Let’s pause for a quick moment and talk about what it means to trust your gut. I don’t just want to keep throwing that phrase around without giving it some kind of definition. We often talk about “trusting your gut” or “using your brain.” But saying it that way makes it sound binary—like one is better than the other, like it’s either/or. But it’s a both/and statement because your gut is essentially your second brain. According to Stanford microbiologists Drs. Justin and Erica Sonnenburg, a primal connection exists between the gut and the brain. As they explain in their book, The Good Gut: “Our brain and gut are connected by an extensive network of neurons and a highway of chemicals and hormones that constantly provide feedback about how hungry we are, whether or not we’re experiencing stress, or if we’ve ingested a disease-causing microbe. This information superhighway is called the brain–gut axis, and it provides constant updates on the state of affairs at your two ends.”4 Thus, listening to and trusting your gut is of the utmost importance. It’s the same thing as using your brain.
Finding My Way to Functional
I opened my first barre studio in Menlo Park in March 2009, and a few months later, in January 2010, we opened one in the neighboring town of Los Altos. Barre workouts consisted of exercises inspired by ballet. Thus it was a natural fit for me to be a barre instructor, and now a barre studio owner, with my background in dance. I was fulfilling my childhood dream of ballet-like movement everyday, even if it wasn’t in pointe shoes with a pink tutu. Barre workouts combined ballet with yoga and pilates exercises, which were in stark contrast to my super-speedy and sweaty cardio sessions but surprisingly effective. I especially craved the slower pace and opportunity to continue exercising without the excessive impact while I was pregnant. I gave birth to my oldest daughter, Ava, two months after we opened the second studio.

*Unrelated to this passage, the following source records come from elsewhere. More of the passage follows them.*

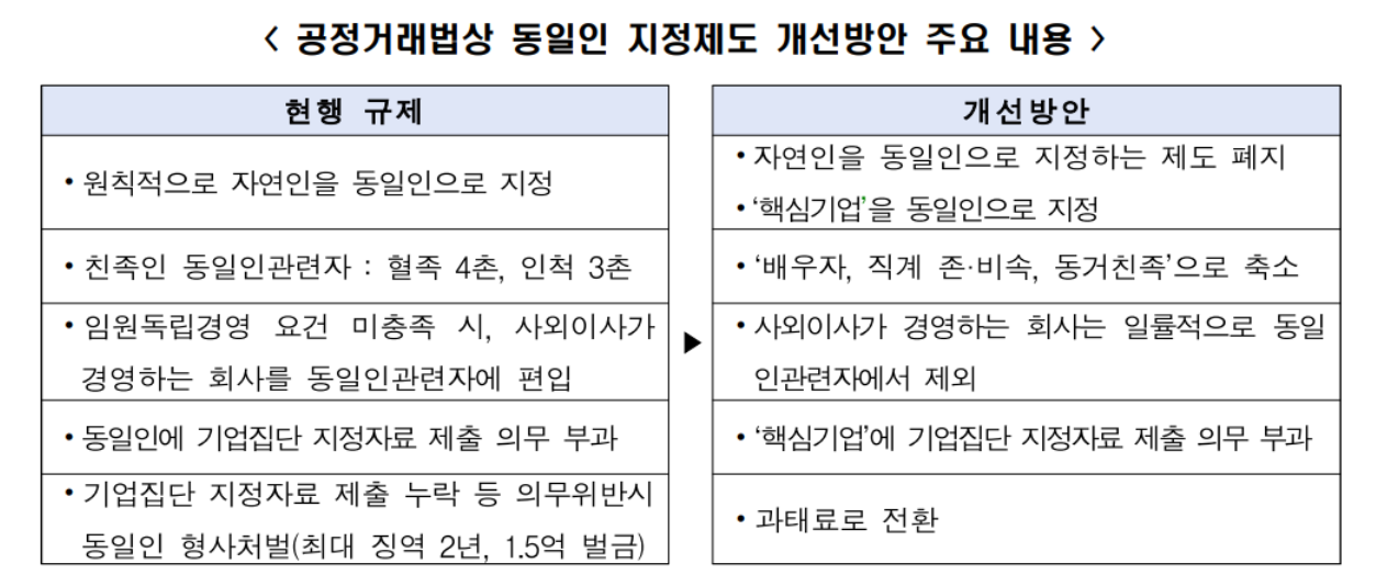 * 주4) 공정거래법 시행령 개정으로(’24. 5. 7. 국무회의 통과), 제한적으로 법인을 동일인으로 지정 가능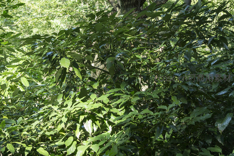阳光穿透层层叠叠的绿叶,在林间洒下斑驳陆离的光影。叶片饱满油亮,充满生命力,展现了大自然最原始、最蓬勃的绿色之美。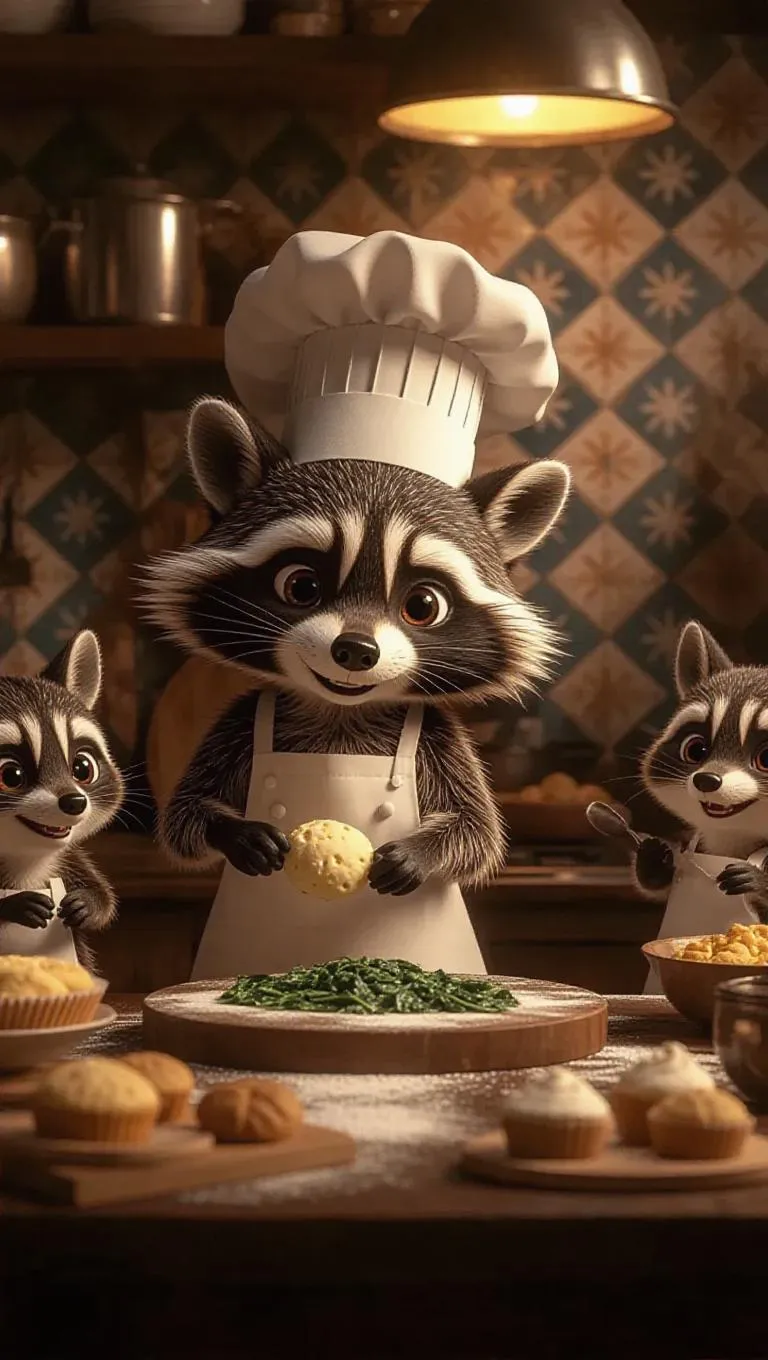 Animal chefs in a charming, busy kitchen. Raccoon wearing an elaborate chef hat, folding savory spinach dough. Star-patterned tiles, soft evening light filtering in. Fox chopping nuts with a mischievous gaze, chipmunk tossing flour. Critter-shaped cakes, herb crackers, tropical muffins. Casual, whimsical, rich, delightful mood.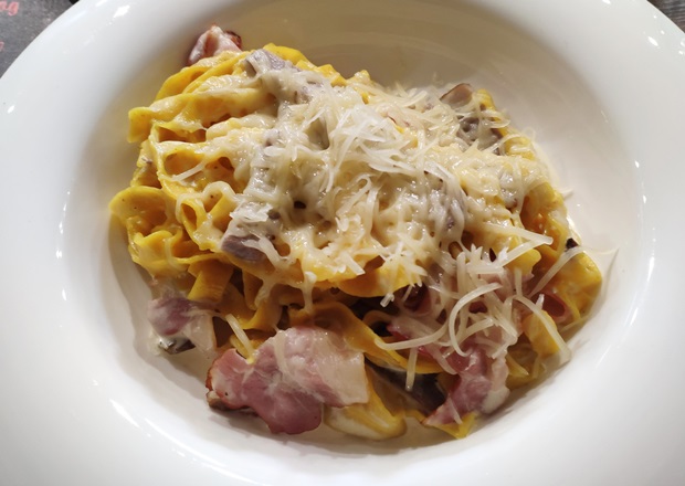 Очевидно, повара подумали, что бекон, сливочный соус и сыр недостаточно насытят гостя. И покрошили в блюдо еще свининки. Вот той самой, вареной, что из борща. Я сначала подумала, что пара кусочков залетели сюда случайно, но нет — количество мяса вполне можно было сопоставить с беконом.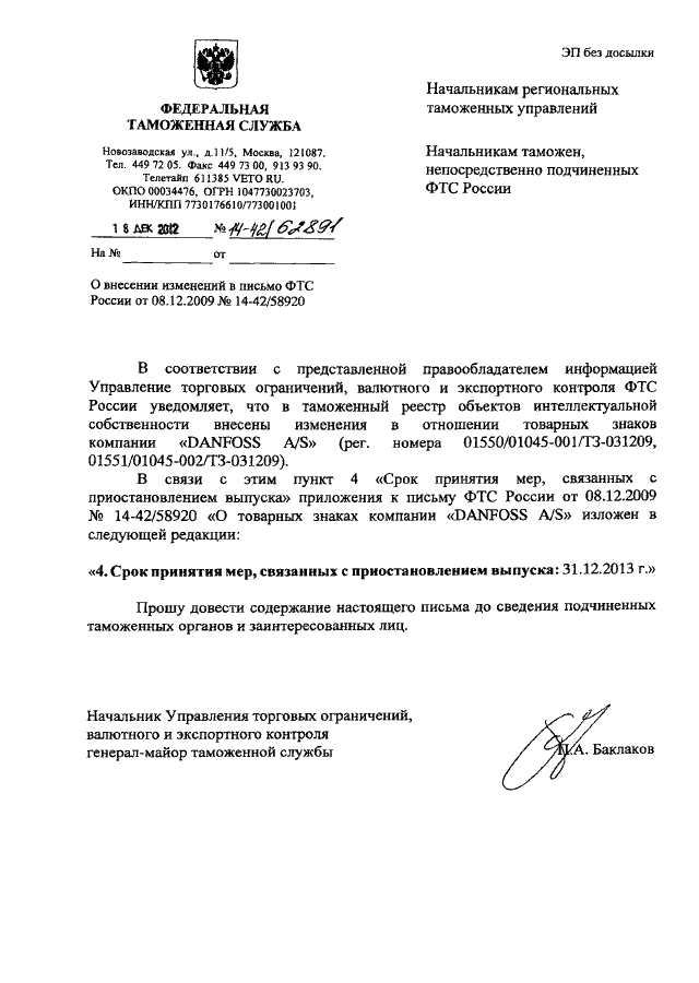 ПИСЬМО ФТС РФ от 18.12.2012 N 14-42/62891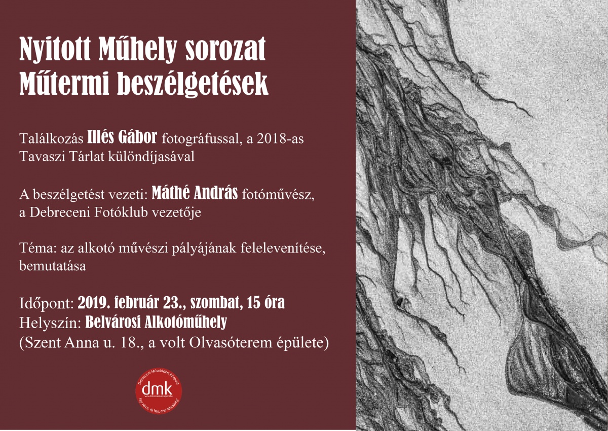 Az idei első Nyitott Műhely Sorozat Műtermi Beszélgetések vendége február 23-án 15.00 órától Illés Gábor fotográfus, a 2018-as Tavaszi Tárlat különdíjasa lesz. Az alkotóval Máthé András fotóművész, a Debreceni Fotóklub vezetője beszélget. A kötetlen hangulatú délutánon az alkotó művészi pályájának felelevenítésére, bemutatására törekednek majd.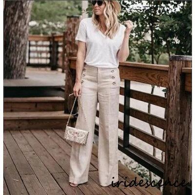 【迅速な出荷】ワイドパンツ レディース きれいめ 春 9分丈 アンクルパンツ ハイウエスト フロントボタン ガウチョパンツ カジュアル ボトムス2(個)ごとに11 O円き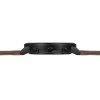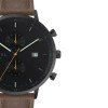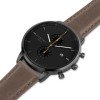This model features our best-selling all-black colour scheme with a black case and dial featuring luminous hour and minute hands and an orange second hand, on a brown stitched leather strap. The dial features dual sub-dials, displaying seconds and minutes with contrasting orange hands, and a simple date window showing the date.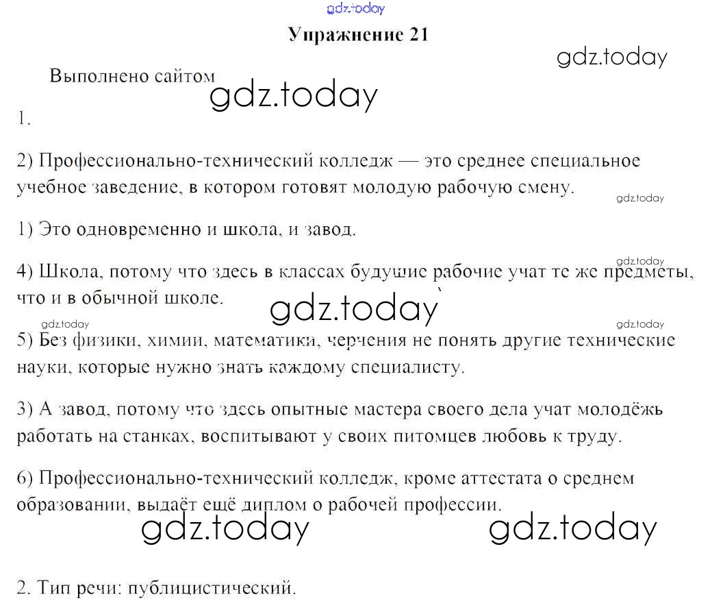 На страницах сайта gdz.today вы найдете учебный и вспомогательный материал, направленный на улучшения знаний школьной программы. ГДЗ - онлайн мир знаний Решение к заданиям 21 Учебнику по Русскому языку для 8 класса Мурина, Игнатович Национальный институт образования 2018
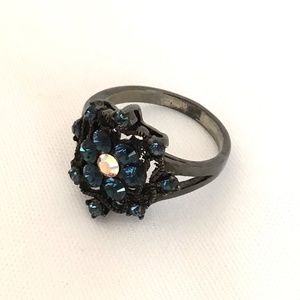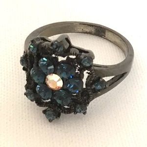 Gothic black ring with dark blue stones - Size 9

In more ways than one, my path to a functional approach to life happened by chance, not by choice. It wasn’t something I was looking for, but it was something that had to happen. I couldn’t spend any more time living in a dysfunctional body. Even though I had reduced the amount I was running by the time I became a group fitness instructor, classes didn’t necessarily feel like “enough.” Old habits are hard to break, and I just couldn’t stop, even when I knew I needed to. Looking back now, I can see what a gift it was to find out I was pregnant in the middle of launching two barre studios. It felt like the “accidental circumstance” I needed in order to come up with an alternative to running. I also got really serious about my nutrition during that time, inspired by the tiny human I was incubating. My focus completely shifted from how food choices made me look on the outside to how food choices impacted the baby on the inside.
Like so many of us who give birth to tiny humans or new dreams and ideas, I learned and evolved so much in the years after Ava was born. Not only did I want to figure out my gut issues for myself, but I also wanted to fuel my family in the best way possible versus slipping back into what was familiar. I had come a long way in my understanding of the human body and the acceptance of my own body. I knew being skinny was not synonymous with being healthy. In fact, there were, and still are, plenty of skinny people in my life struggling with diseases of the body, such as cancer, and diseases of the brain, such as eating disorders, stress, anxiety, ADHD, and a whole host of other issues. Those issues might have contributed to weight loss, but they come with a plethora of other problems, too. It hit me that in the absence of a strong body and balanced mind, skinny can look pretty scary. So I no longer strived to be skinny because I wanted to be physically and mentally healthy and strong.
Despite these significant shifts in lifestyle and massive leaps forward in mindset, I was still caught off guard by unstable gut health that would upend everything. On one vacation, I ordered a salad without croutons. When the salad arrived with croutons, I simply removed them rather than sending it back. I spent the next 18 hours in pain on the couch in the fetal position with a toddler running circles around me. Frustrated, I went back to the drawing board and endured a whole litany of tests and procedures, this time 20 years after my first round of tests and on the opposite coast. Again, not one doctor asked about my nutrition, even in sprout-eating, avocado-consuming California. I decided to take charge and search for real answers. I did a few more tests to rule out Celiac disease. Thankfully, neither the endoscopy nor the colonoscopy results showed I had the disease despite having the gene. But my sensitivities to dairy and gluten were confirmed with continued trial and error. A bad hip, two fitness studios, an energetic toddler, an unsettled stomach, less time to run, and a lot of fear were the perfect storm for a lot of stress, which only made my health issues worse. It was also the storm that paved the path for me to find my way to better fitness and nutrition and, overall, a functional approach to life. And it all started when I found functional fitness.